Discord.py - Making Chatbots Easy

Since Discord relies on an oAuth2 connection, and chats are inherently asynchronous, cooking up a bot from scratch would hurt. Discord.py to the rescue! This library has exceptional API coverage and is easy to use.

My one gripe is the documentation. Docs are sparse in places, but I'll forgive that sin with their example code and an active community on the Discord API Guild. Also, I had some trouble getting off the ground with the Discord API docs. Specifically, getting the correct tokens required to work, but once the bot was authenticated, it was off to the races!


TinyDB - The Easy Object-store

Pinging the internet for data is not free; whether because of rate limits or round trip times. Tools like SQLite are great for lightweight/portable data storage, but also requires schema design. MongoDB is a powerful noSQL solution, but is heavy to stand up (and I'm not in love with the query language). TinyDB comes to the rescue as a way to get the JSON/noSQL storage of MongoDB with none of the server/auth standup.

This shines when paired with REST endpoints. It's easy to push/pop entries around and keep the same raw JSON in archive as what's coming from the endpoint. Also, it's as easy as JSON to add more keys for searching. I'm still not in love with my cache-timer implementation in ProsperBot, but fetching from cache is 100x faster than an internet-call. Lastly, debug is easy since output is raw JSON, though this could lead to compression issues down the line.
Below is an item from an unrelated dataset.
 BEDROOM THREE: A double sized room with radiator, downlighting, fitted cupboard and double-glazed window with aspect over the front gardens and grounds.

Quick pro-tip about TinyDB: get ujson. This pure-C implementation of the JSON library is a great drop-in replacement. It can also be baked into libraries like Requests. ujson makes handling JSON lightning fast! Also, TinyDB has a wide array of extensions, and I will be looking into MongoDB hooks at a future date.
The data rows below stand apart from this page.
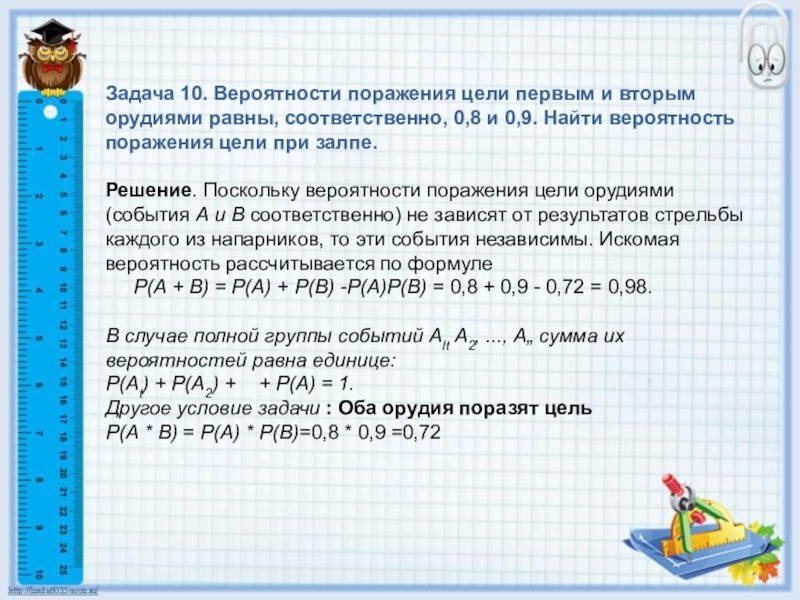 Слайд 12Задача 10. Вероятности поражения цели первым и вторым орудиями равны, соответственно,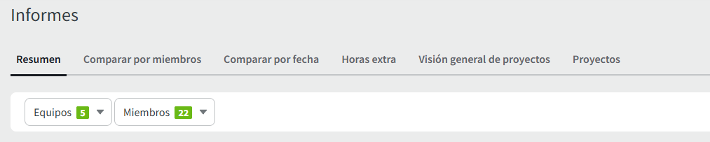 Proyectos: aquí puede ver detalles específicos sobre los proyectos y el tiempo que se ha dedicado a ellos.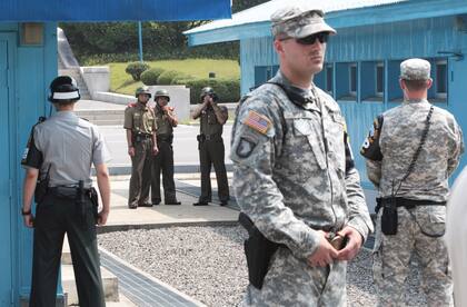 Dos soldados surcoreanos vigilan todo detrás de sus lentes oscuros, inmóviles como robots. El chasquido de las fotografías no los conmueve; tampoco la charlatanería de los visitantes. Estarán así durante las próximas dos horas, hasta que puedan tomar un breve descanso. El turno completo es de doce horas. Del lado Norte también hay una puerta: si se abre y entran los enemigos del soldado Smith, el consejo es no retroceder. Si ellos nos sacan fotos (con los posibles fines de usarlas como propaganda política de regreso en Pyongyang, mostrándonos como capitalistas maleducados), nosotros podemos tomarles fotos a ellos.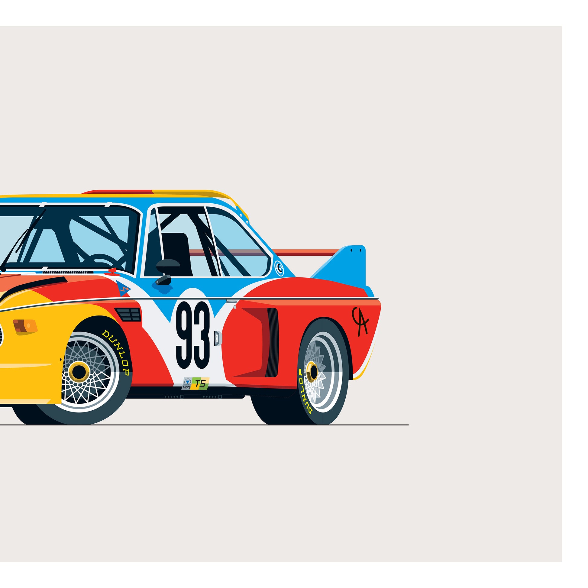 This limited-edition, pigment print depicts the 1974 BMW 3.0 CSL, Alexander Calder Art Car.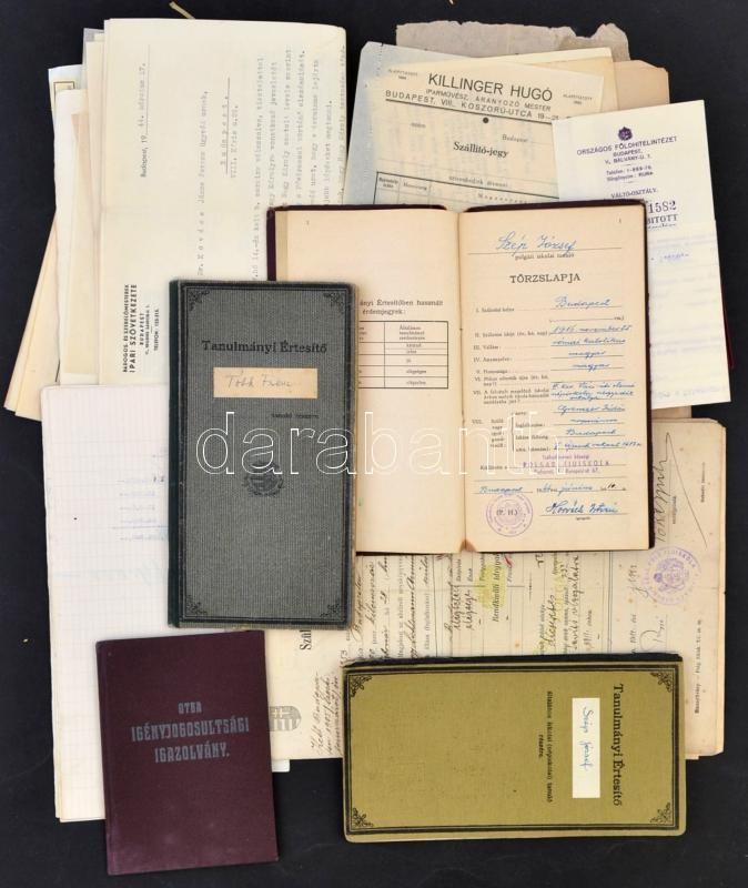 cca 1920-1950 Vegyes papírrégiség tétel: közte okmányok, számlák, isko... https://www.darabanth.com/de/326-Fernauktion/326.0/Andere-Sammelgebiete/Drucksachen~500030/cca-1920-1950-Vegyes-papirregiseg-tetel-kozte-okmanyok-szamlak-iskolai-ertesitok~II1816102

NLTK - Processing Text Made Easy

The number one problem I have with stock quotes: it takes 2-3 extra clicks to figure out WHY the price moved for the day. Google/Yahoo/etc provide great single-stock pages that give news summaries, but when you open a ticker or phone widget, only the raw numbers are reported. If I'm going to make a quote bot, why not include some information and save people a search?

The good news, Google/Yahoo both give a by-ticker API of relevant news articles. The bad news, they yield 10-15 articles in the query. Furthermore, the data isn't particularly ranked/scored from the source. I could have gambled with first-article being the best, or stacked a publisher priority order, but all I wanted was:
Good news when the stock is up.  Bad news when the stock is down
NLTK to the rescue. I have wanted to try my hand at sentiment/language analysis since I saw a local talk on Analyzing P2P Lending Data. Putting headlines through the vader_lexicon tools did exactly what I wanted and was blazing fast.
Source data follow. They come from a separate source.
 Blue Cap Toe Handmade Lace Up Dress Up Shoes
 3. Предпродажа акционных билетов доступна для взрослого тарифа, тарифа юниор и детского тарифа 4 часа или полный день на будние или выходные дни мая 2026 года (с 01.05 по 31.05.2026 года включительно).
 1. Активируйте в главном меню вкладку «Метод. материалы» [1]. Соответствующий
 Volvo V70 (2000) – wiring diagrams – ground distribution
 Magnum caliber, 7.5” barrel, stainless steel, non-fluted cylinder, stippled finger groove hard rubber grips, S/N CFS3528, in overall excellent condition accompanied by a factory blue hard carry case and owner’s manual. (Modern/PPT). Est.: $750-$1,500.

After playing with this quick demo of NLTK, I'm excited to expand this toolset.  If I can find the time, I'd very much like to write up a new discord bot for grading a community and highlighting troublemakers statistically rather than bluntly using block lists and word black-lists.

Let's See It!


I'm going to save the "how to get [stock] data" question for another blog.  There's a wide world of API's and support out there, and digging into them is worth a whole blog.  For the impatient, I used these two articles as a springboard to get started:
Though designing the bot language may require some creative design for EVE topics, standing up the bot should be easy.  I've been able to add functions at a uniquely fast pace (0.5-1d/feature) and standing up the whole bot took just a few evenings once I got through the roadblocks.  The libraries above are excellent tools to have in your tool box, and I'm excited to dig deeper into their functionality beyond the small `hello world` functions written so far!